苑 そうですね。むしろ一緒に叫んでくれたほうがうれしいかも。摩天楼オペラのライブではいつも「オーイェイ!」とかわかりやすいフレーズを一緒に叫んでもらうことが多いんですけど、こういったコーラスパートも自然と叫んでもらえたら面白くなると思います。
──「メインキャストは考える」は彩雨さんが作曲していますが、この曲は次のアルバムのために用意された曲だったんですか?
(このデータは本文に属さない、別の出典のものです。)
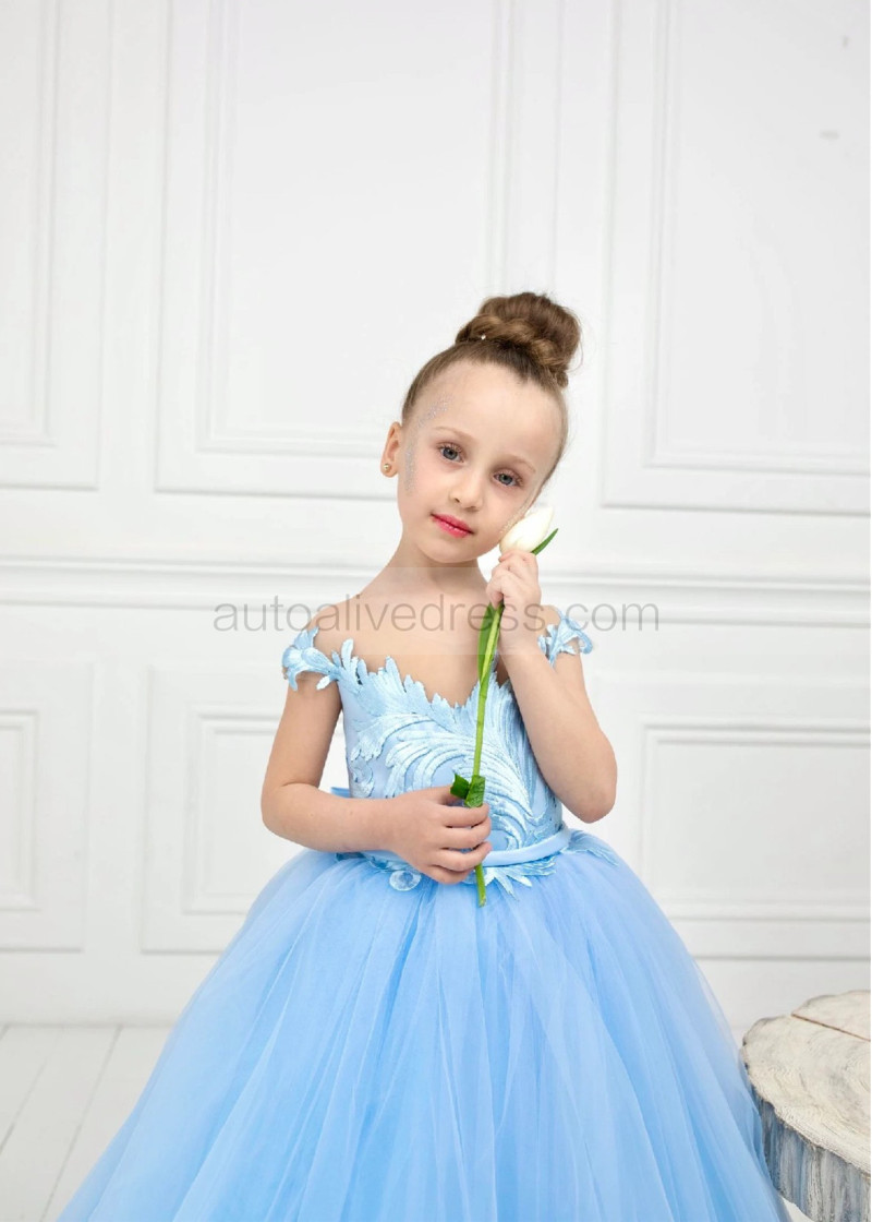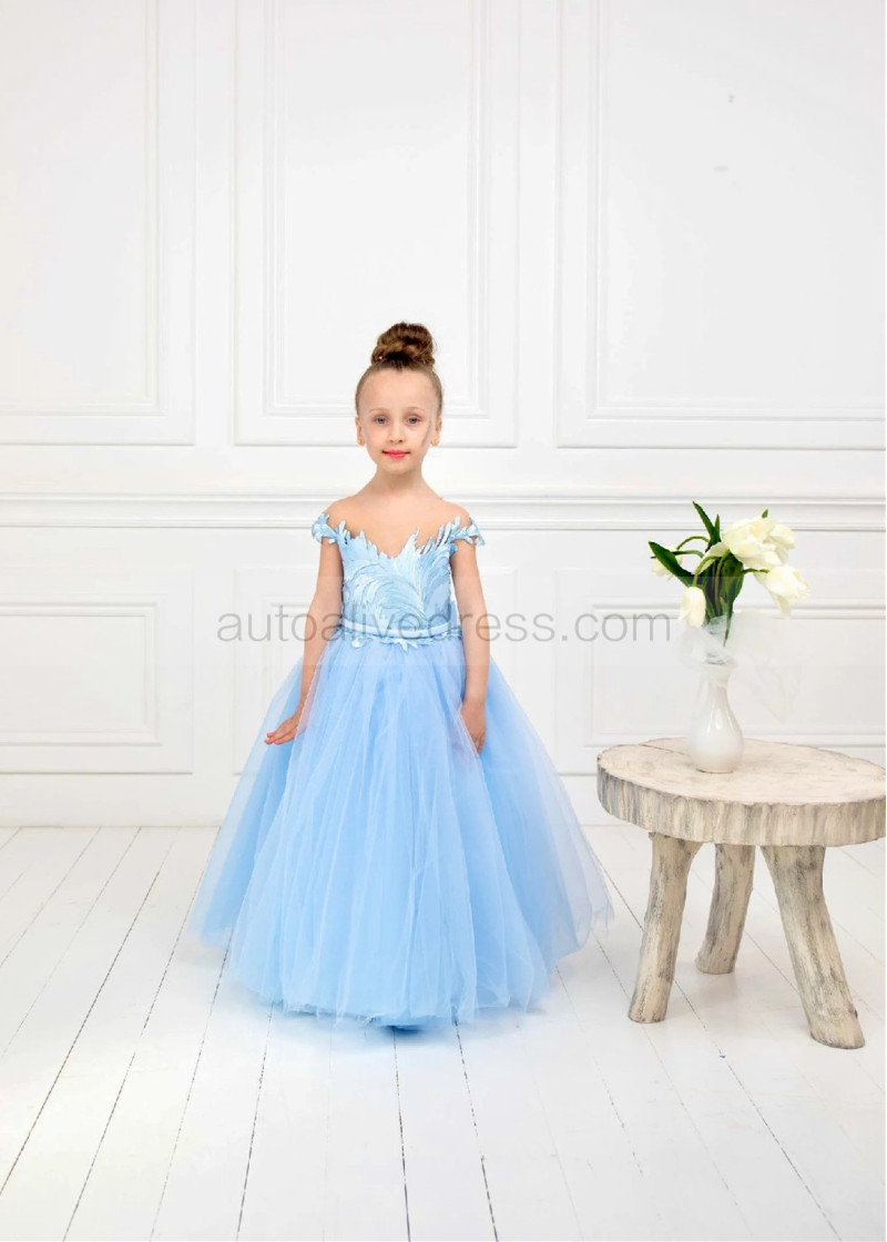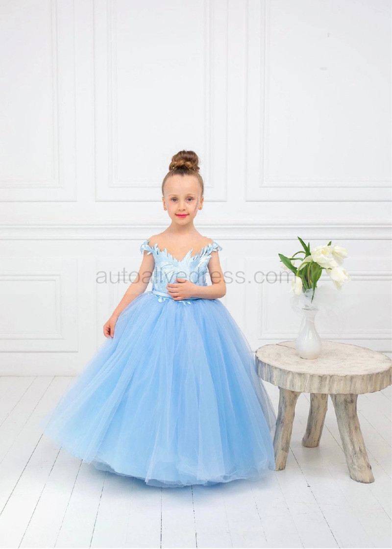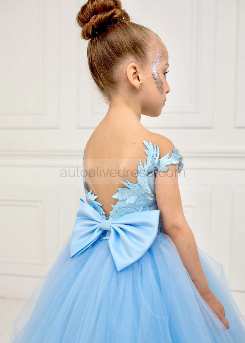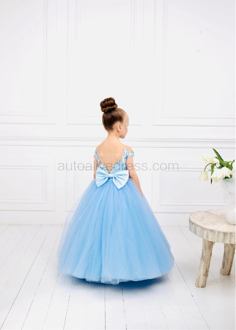 Cap Sleeves Blue Lace Tulle Floor Length Flower Girl Dress

彩雨 僕は曲ができたらすぐ形にしてみんなに聴かせるタイプなんですけど、この曲自体は2012年にはもう作っていて、2013年の頭にみんなに聴かせていたんです。ニューアルバム用というよりは次の方向性の話し合いをする前からストックしていたものなんです。
──あ、そうだったんですね。
彩雨 僕はミドルテンポの曲をたまに作って、年に1曲ぐらいの割合で発表させてもらってるんですけど、これもその流れで生まれたもので。「次にミドルテンポの曲を発表するときは、この曲で行こう」と思って温めてたんです。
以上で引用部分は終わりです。